La Cour rappelle que les mesures conservatoires ne sont justifiées que s'il y a urgence, «c'est-à-dire s'il est probable qu'une action préjudiciable aux droits de l'une ou l'autre Partie sera commise avant qu'un arrêt définitif ne soit rendu».

La Cour ajoute que sa compétence est limitée en l'espèce au différend né entre les Parties en ce qui concerne l'interprétation et l'application de la convention de Vienne pour ce qui est des personnes que le Mexique a mentionnées comme ayant été victimes d'une violation de la convention et qu'aucune mesure conservatoire ne saurait être prise pour d'autres personnes.

Puis la Cour souligne que le fait que des dates d'exécution n'aient été fixées dans aucun des cas qui lui ont été soumis «n'est pas en soi de nature à [lui] interdire d'indiquer des mesures conservatoires». Elle indique qu'il ressort des informations dont elle dispose en l'espèce que trois ressortissants mexicains, MM. César Roberto Fierro Reyna, Roberto Moreno Ramos et Osvaldo Torres Aguilera, risquent d'être exécutés dans les prochains mois, voire dans les prochaines semaines, et que «leur exécution porterait un préjudice irréparable aux droits que l'arrêt de la Cour pourrait éventuellement reconnaître au Mexique», puis en conclut que «les circonstances exigent qu'elle indique des mesures conservatoires pour sauvegarder ces droits».

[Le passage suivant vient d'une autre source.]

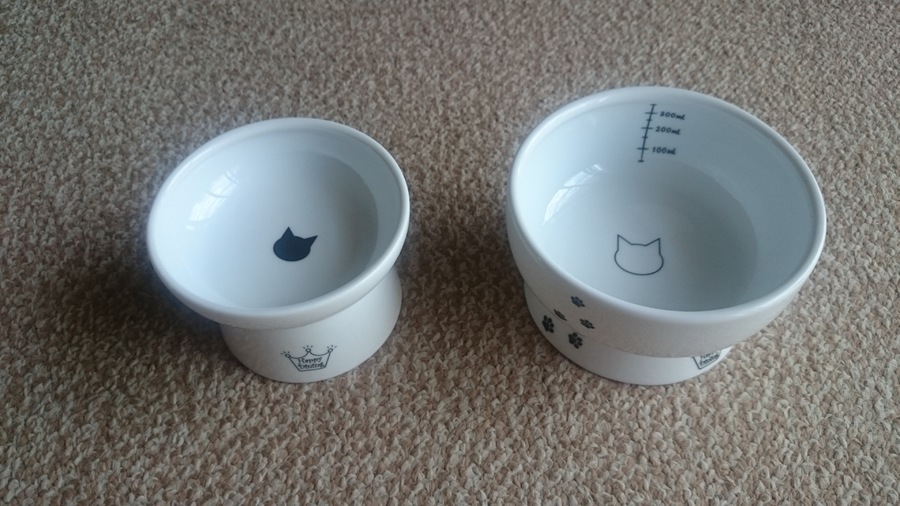 写真1:猫壱の脚付き食器。エサ用(左)と水用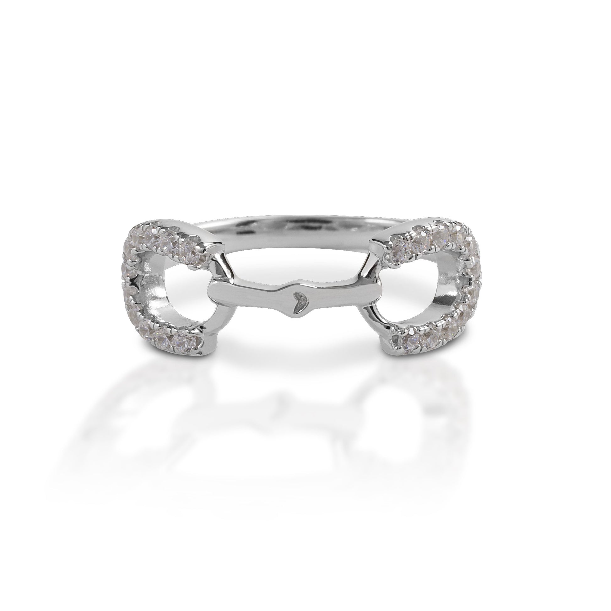 The Kelly Herd Clear Stone Horseshoe Bit Ring is made of sterling silver featuring a snaffle bit design with clear CZ enhanced horseshoes as the bit rings.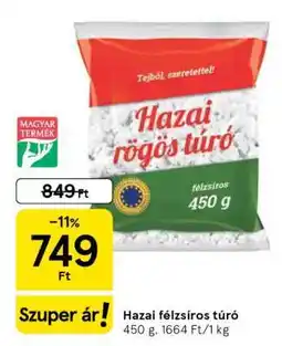 Tesco Magyar félzsíros rögös túró ajánlatMagyar félzsíros rögös túró 400 gTesco824,00 Ft699,00 Ft-15%05 március 202611 március 2026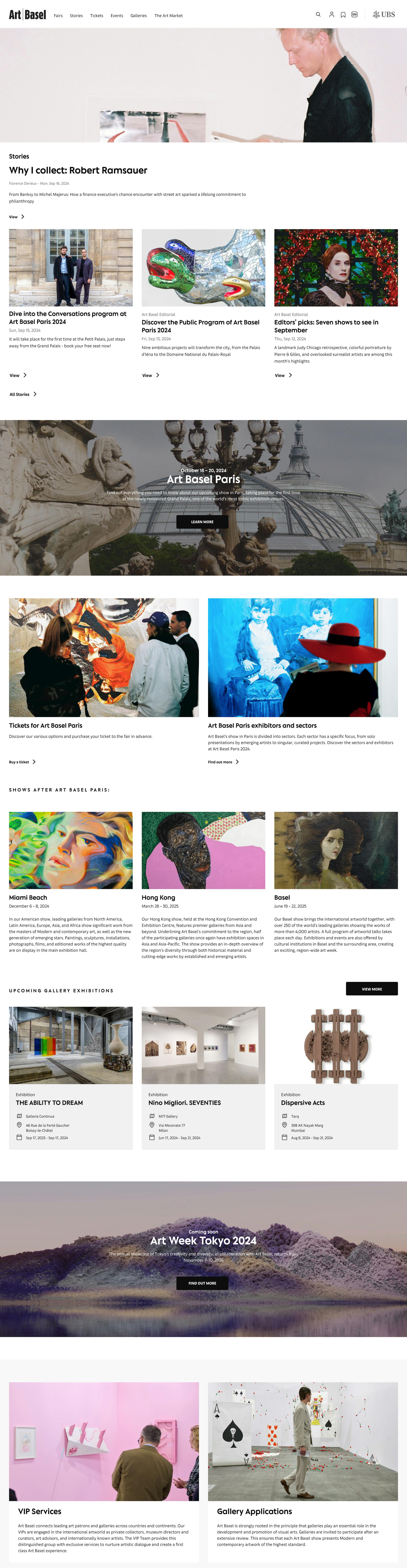 Founded by gallerists in 1970, Art Basel is the leading global platform connecting collectors, galleries, and artists. Art Basel's fairs in Basel, Hong Kong, Paris, and Miami Beach, as well as its Online Viewing Rooms, are a driving force in supporting galleries as they nurture the careers of artists. Our publication The Art Market , co-published with our Lead Partner UBS, is a commitment to increasing the transparency of the art market. Art Basel's Initiatives strive to create unique artist-led experiences and strengthen local art scenes.

Au sujet des autres personnes énumérées dans la requête du Mexique, la Cour observe que «bien que se trouvant à l'heure actuelle dans le couloir de la mort, [elles] sont dans une situation différente de celle des trois personnes» susmentionnées et qu'il lui appartient d'indiquer, «le cas échéant, des mesures conservatoires à l'égard de ces personnes avant que soit rendu l'arrêt définitif».

La Cour ajoute enfin qu'il est «manifestement de l'intérêt des deux Parties de voir définitivement déterminés leurs droits et obligations respectifs aussitôt que possible» et «que dès lors, il convient, avec la coopération des Parties, de parvenir à un arrêt définitif dans les meilleurs délais». A cet effet, le président a entamé immédiatement des consultations avec les Parties.

Composition de la Cour

La Cour était composée comme suit : M. Guillaume, président; M. Shi, vice-président; MM. Oda, Ranjeva, Herczegh, Fleischhauer, Koroma, Vereshchetin, Mme Higgins, MM. Parra-Aranguren, Kooijmans, Rezek, Al-Khasawneh, Buergenthal, Elaraby, juges; M. Couvreur, greffier.